Today is world autism awareness day. Each year, when autism awareness day rolls around, I wonder why we make such a big deal about an arbitrary day in April.
Who doesn’t know about autism yet?
With 1 in 110 children affected, everyone has to know someone with autism. I am so aware, every single day, of autism. I wonder why we need to bother.
And then I remember. I remember that before I had a child with autism, that although I knew autism existed, I didn’t really know anything about it. It just seemed like this scary, terrible thing that happened to other people.

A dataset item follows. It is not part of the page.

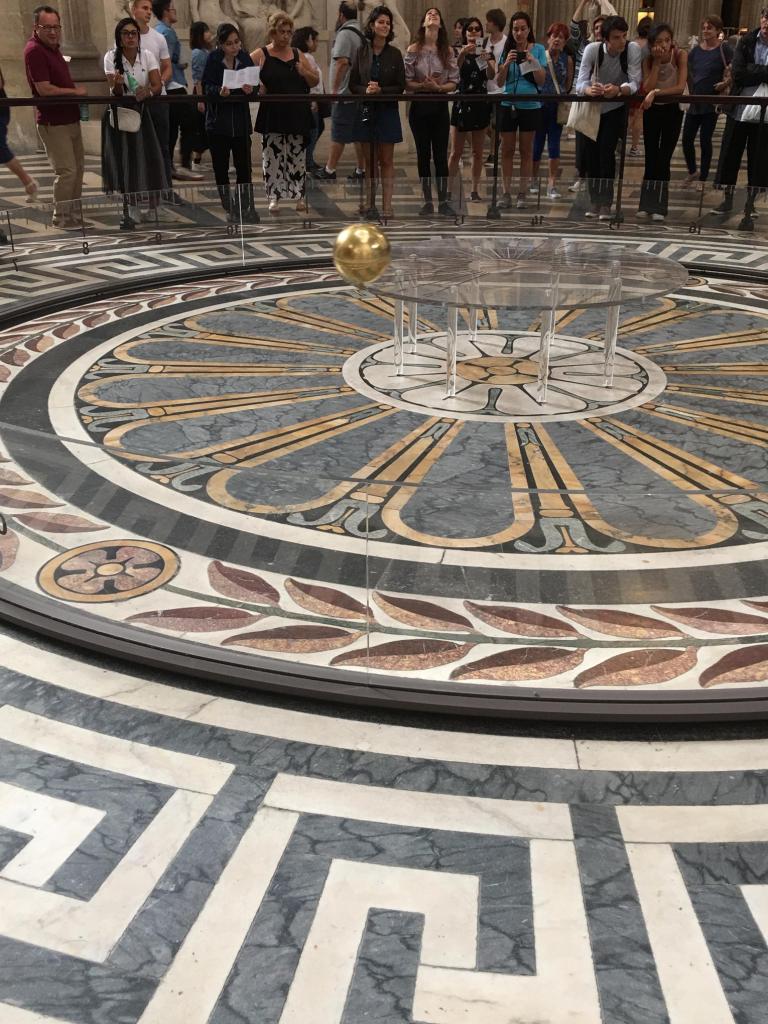 Foucalt’s pendulums, that is. You wait for one for ages and then along come two at once! Having seen the one in the Musée des arts et métiers earlier I was visiting the Pantheon the next day and the copy that Napoleon III ordered be constructed is hanging from the dome there. Much bigger than the original (as the dome is higher) the Pantheon version also has more interest, with a speaker explaining the purpose and operation of the installation to the audience. It is also protected by a railing and space …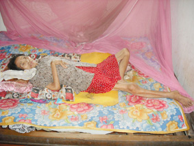 Một bà cụ gầy còm, chỉ còn da bọc xương, đang nằm trên chiếc giường ọp ẹp và bà chỉ ú ớ được vài tiếng. Tuy bà nói không thành lời nhưng tôi cảm nhận được qua ánh mắt hiền hòa, buồn rười rượi của bà. Ông Lâm Văn Hải, chồng bà Hảo, cho biết: “Vợ tôi bệnh đến nay cũng gần một năm, sức khỏe ngày càng yếu”. Trước khi bà Hảo đổ bệnh, gia đình đã rất khó khăn. Không có ruộng đất nên dù tuổi cao, ông bà vẫn phải làm thuê, làm mướn trang trải cuộc sống hàng ngày, lo cho con cháu. Chỉ trong một đêm, căn bệnh quái ác đã cướp đi sức khỏe của bà Hảo. Khi đó, gia đình vay mượn bà con trong khu vực, đưa bà đến Bệnh viện Đa khoa quận Thốt Nốt điều trị được khoảng một tuần. Sau đó, không có tiền điều trị tiếp, đành đưa bà về nhà chăm sóc. Từ khi bà ngã bệnh đến nay, em Cao Thị Như Thủy (cháu ngoại) đang học lớp 6 phải nghỉ học để ở nhà chăm sóc cho bà ngoại. Bản thân ông Hải cũng già yếu, công việc trong nhà chỉ nhờ vào một tay cháu Thủy.

I remember seeing children and teenagers acting out in public and judging them and their parents without even thinking that there might be an underlying disability. I would see people with certain stims, repetitive and awkward movements, and feel uncomfortable, not knowing how much I should acknowledge them.
I remember that I would look at people with obvious developmental or intellectual disabilities—although I didn’t know the difference between them then—and feel nothing but sadness for them. Do they wish they could be normal?, I would wonder.
I remember that I had no idea that people with developmental and intellectual disabilities are normal, just not the same as you and me. I didn’t know that people with severe disabilities could be happy, productive, worthwhile members of society. I didn’t know that people who couldn’t talk could communicate. I didn’t know that these children and adults were deeply loved and the lights of their families’ lives.
I assumed that having a child with these disabilities would be devastating and life destroying.
This was me, five years ago.
This might be you, today.
This is why we need to work so hard to spread awareness. People who are unaware are not bad people. I wasn’t a bad person back then. I was in favor of helping people with disabilities, but I didn’t spend much time thinking about them. I just didn’t know, and I didn’t think I had a reason to learn.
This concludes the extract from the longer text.